The opioid effect occurs when peptides “similar to the morphine” cross the blood-brain barrier. We notice then these symptoms which according to the individual, are: *Hyperactivity *Change of humor * Periods unexplained of laughter * Problem of sleep * Poor organizational Skills * Incapacitated to make multiple tasks *Eager for gluten and casein* Extremely “selective Eater” …


Gluten and casein have a drug effect on children because gluteomorphines and casomorphines are produced in the bowel because of a bad digestion of peptides.

Indeed, proteins of cereal and milk are not completely degraded. The existence of the syndrome of intestinal leak allows these proteins to cross the intestinal wall to find itself in the blood system. These peptides become “opioid peptides” and behave in the body as some morphinan derivative (morphine, heroine) to settle on the biochemical receivers specific to these substances.

By saturating the receivers, peptides coming from some gluten and from some casein (badly metabolized) are going to disturb behavior and to favor the development of degenerative diseases and the central nervous system.

If we cannot eliminate what is directly connected to the inflammation of the brain and the bowel, as well as the reactions of immunization allergic to the incriminated food, it is almost impossible to cure a child.

Furthermore, the gluten can take in 6 months or more to be eliminated in the micro-cavities of bowel.

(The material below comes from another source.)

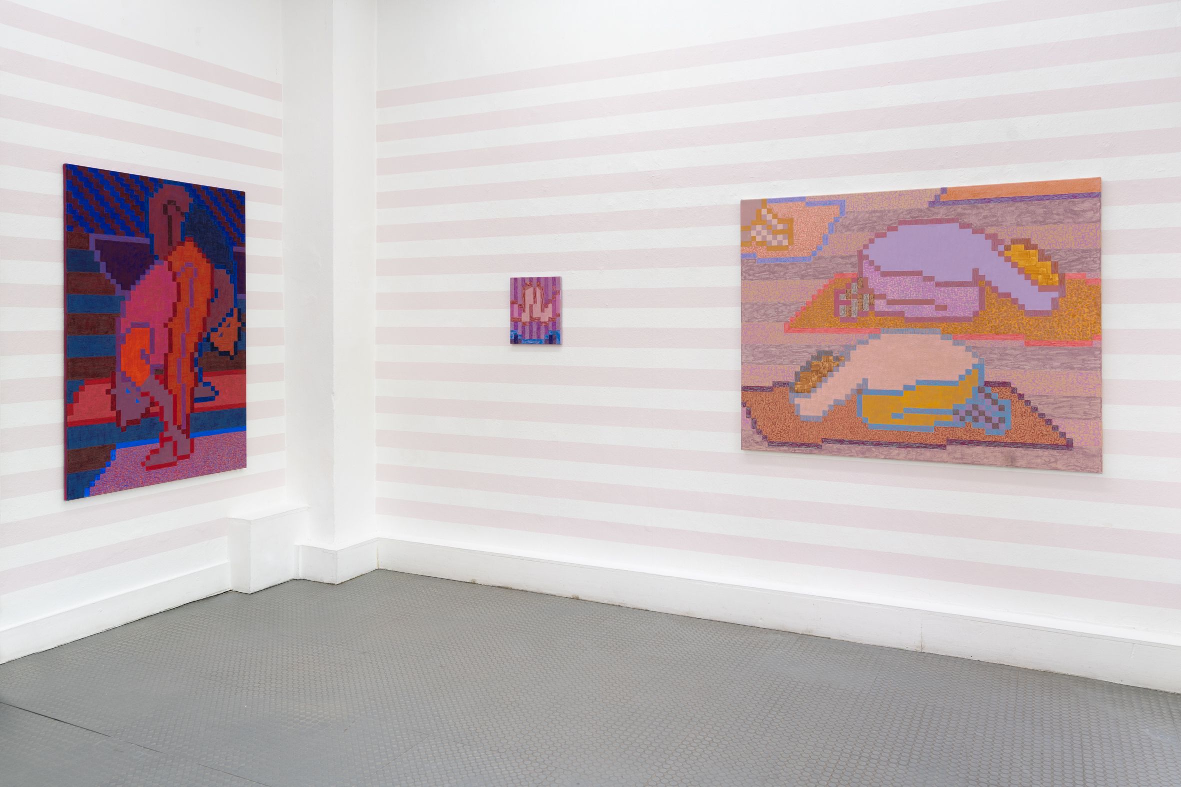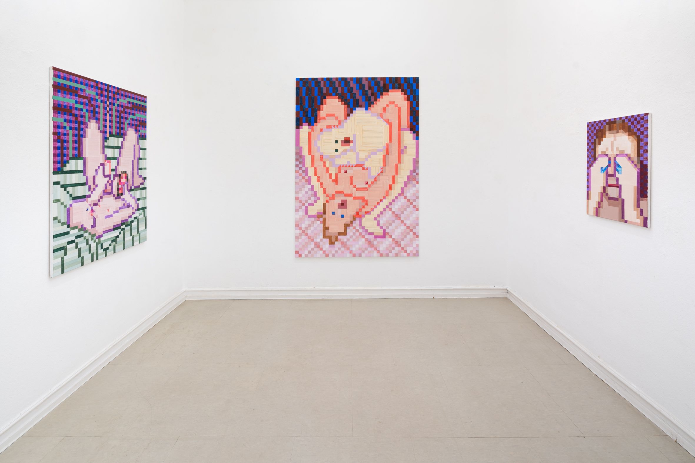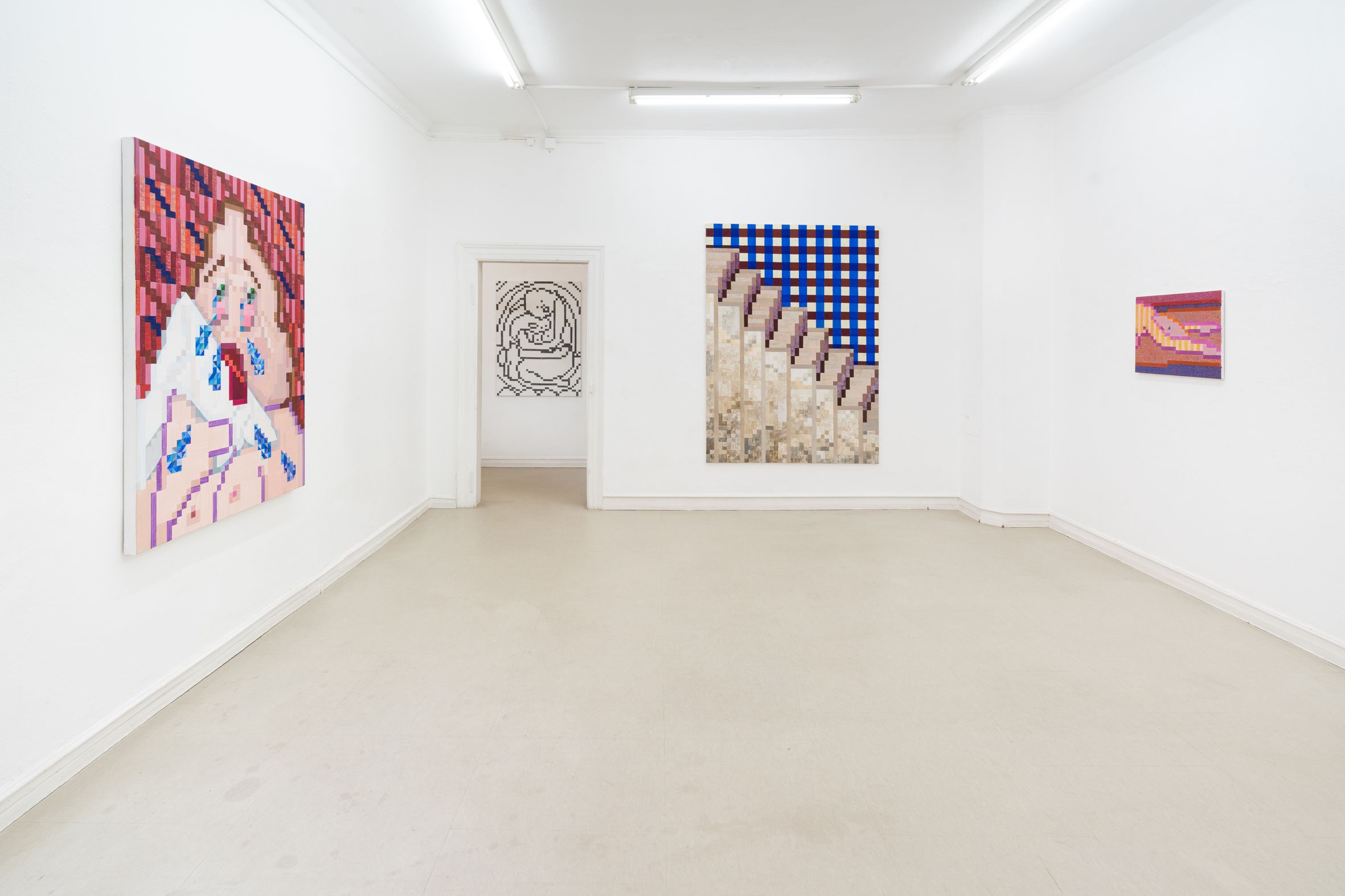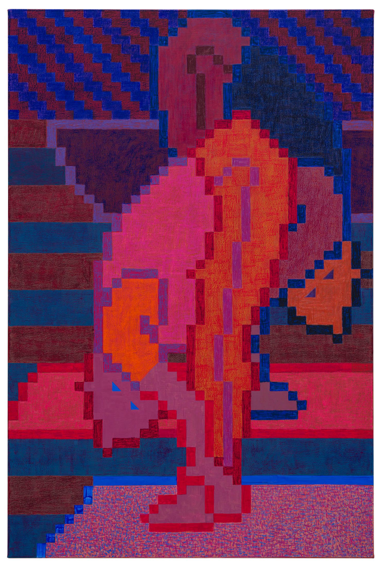 In her Staircase series, the bodies tumble head over heels down the stairs and it almost seems as if the shock, haste and hurry are transferred to the texture of the painting. Instead of a smooth motif, the paintings are made up of a multitude of pixels, similar to those found in digital images. The pixelation creates a field of tension between figuration and abstraction. This can be observed particularly impressively in the contour lines, which frame the physicality of the figures, but at the same time emerge as many individual areas of colour that no longer form a continuous line.

The increase of the rates of opioides has to entail the implementation of a diet without gluten and without casein because the elimination of gluten and casein of the diet can eliminate “the opioid effect “.


To improve this link bowel-brain, other diets can be envisaged: * The Entero-psychological diet (GAPS) * The” Low FODMAP ” diet* The Feingold diet * Diet without oxalates

  1. To conclude

It is imperative that the professionals of the world get interested in the effect of vaccines and alimentation in the approach of autism.

It is also imperative as they complete the educational/behavioural approaches of autism by biomedical treatments. Among these, we count diets, but also:

* Environmental monitoring (to decrease chemical contaminations, electromagnetic radiations, contaminations by mercury) * The support of the immunizing function of the bowel (to eliminate bad bacteria, yeasts and parasites, worms, as well as the reconstruction of the intestinal flora by probiotics) * The treatment of cold infections * The correction of oxidative stress (by vitamin B,…) * The detoxification of heavy metals * As well as other innovative therapies (the oxygenation of the brain of autistic children).

I have hope for a more global approach to look in a more effective way after our children affected by autism. This is the way to see improvements for a much better life for these kids.

Nawale Harchaoui, Psychopedagogist and Psychomotor Therapist, Belgium.


Dépéraux, Marie-Christine. Autisme: une fatalité génétique? Bruxelles: Marco Pietteur, 2007.


Skorupka, Corinne & Amet, Lorène. Autisme: on peut en guérir! Dontilly: Broché, Octobre 2014.